Model_evaluation_scripts folder
The Model_evaluation_scripts folder contains all the code used to generate the model evaluation results shown in the paper.
Python scripts
- n001_Predict_eval.py: Runs predictions on 1 million validation observations.
- n002_Copenhagen_burial.py: Runs predictions on 200 observations from the Copenhagen Burial Records from Link Lives
- n003_Training_ship_data.py: Runs predictions on 200 observations of parent's occupations from the Indefatigable training ship
- n004_Dutch_familiegeld.py: Runs predictions on 200 observations of occupations in the Dutch familiegeld
- n005_Swedish_strikes.py: Runs predictions on 200 observations of the profession of Swedish strikes
R scripts
- 000_Functions.R: Contains functions used in evaluation.
- 001_Generate_eval_stats.R: Generates accuracy, precision, etc. for validation data across various subgroups.
- 002_Nature_of_mistakes.R: Returns plots and statistics which generate insights into the nature of mistakes, when OccCANINE disagrees with the validaiton data.

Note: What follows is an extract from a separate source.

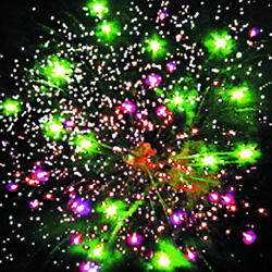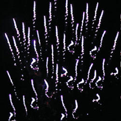 Красно-синяя сфера (пион) и белое мерцание. Мерцающие серебряные хвосты (мерцающая волна) и синие звезды. Оранжевые кометы с пышными хвостами. Зелено-фиолетовая сфера (пион) и облако трещащих разрывов (трещащая хризантема). Зеленые шуршащие разлетающиеся кометы (паучки). Свистящие змейки. 7Красочная концовка: Красные мерцающие хвосты (мерцающая ива).
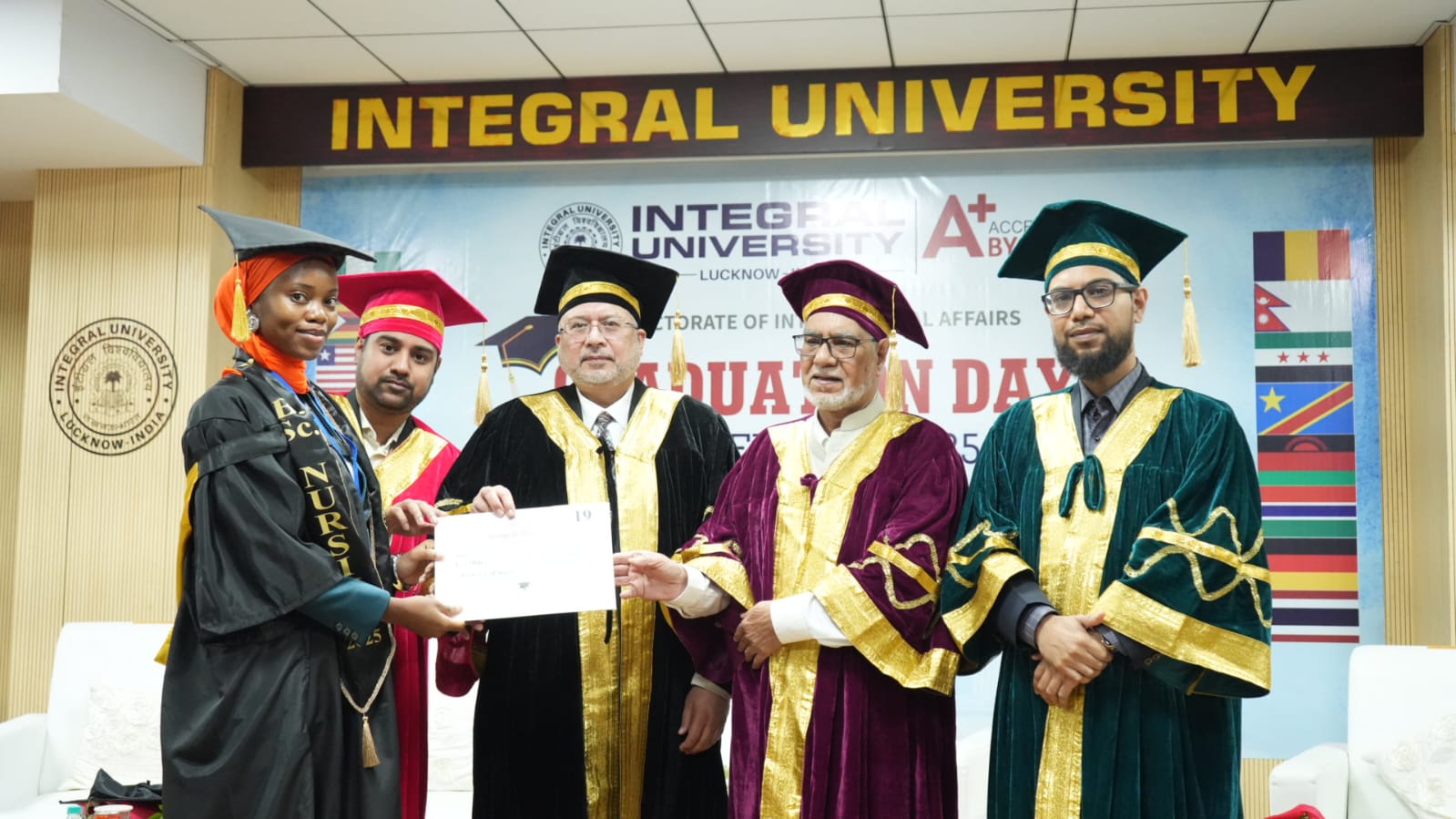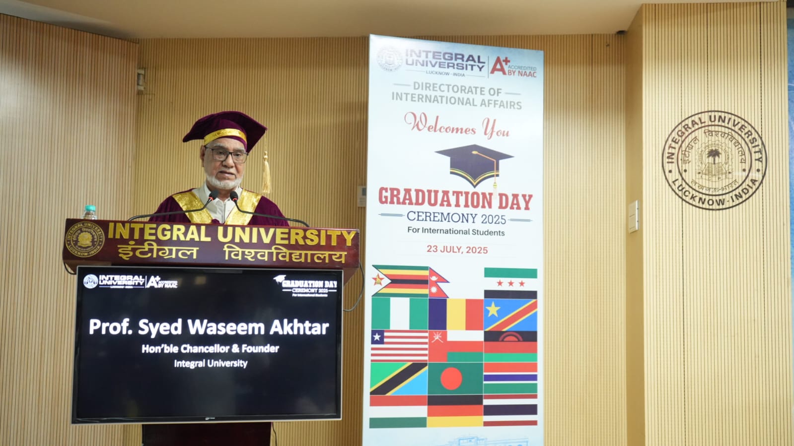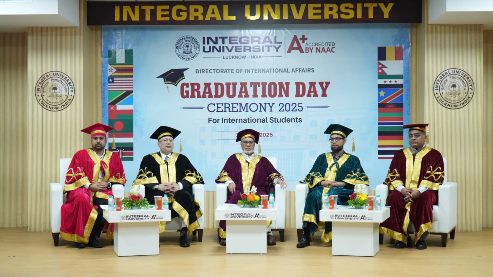 इंटीग्रल यूनिवर्सिटी, लखनऊ ने 23 जुलाई 2025 को अंतरराष्ट्रीय स्नातक दिवस समारोह का आयोजन कर विभिन्न देशों से आए विद्यार्थियों की शैक्षणिक उपलब्धियों का उत्सवपूर्वक सम्मान किया। इस भव्य समारोह में ओमान, तंज़ानिया, नाइजीरिया, सूडान, नेपाल, गाम्बिया सहित कई देशों से आए लगभग 62 छात्रों को स्नातक और परास्नातक उपाधियाँ प्रदान की गईं।

- 101_Eval_illustrations.R: Generates most of the illustrations and statistics shown in the paper.
- 102_Embeddings_visualisation.R: This makes the embedding t-sne illustrations.
Data Cleaning
Scripts for data cleaning are located in 'Data_cleaning_scripts' and should be run in numeric order as indicated by the script names.
- 000_Function.R: Contains functions shared across all data cleaning scripts.
- 001_Assets_for_cleaning.R: Generates assets for data cleaning, such as the encoding of HISCO to a 1 to N encoding.
- 00[x]_...R (where x>1): Cleans individual data sources, saving one file 'Clean_....Rdata' for each source.
- 101_Train_test_val_split.R: Ensures consistency and saves training, validation, and test data.
Data Cleaning Process
- Sanity Check: Manual verification of data content and consistency.
- Extracting Relevant Data: Extraction of relevant variables, keeping both 'raw' and 'cleaned' occupational descriptions as separate observations when available.
- Combinations: Synthetic creation of descriptions representing more than one occupation by combining descriptions with the respective language's word for 'and'.
- Filtering: Removal of observations with invalid HISCO codes based on the 'hisco' R library.
Structure of Training Data
The training data is structured with variables including the year of observation, a unique ID for every observation, the occupational description string, HISCO codes, integer codes for HISCO, the language of the description, and a string indicating the data split (train, val1, val2, or test).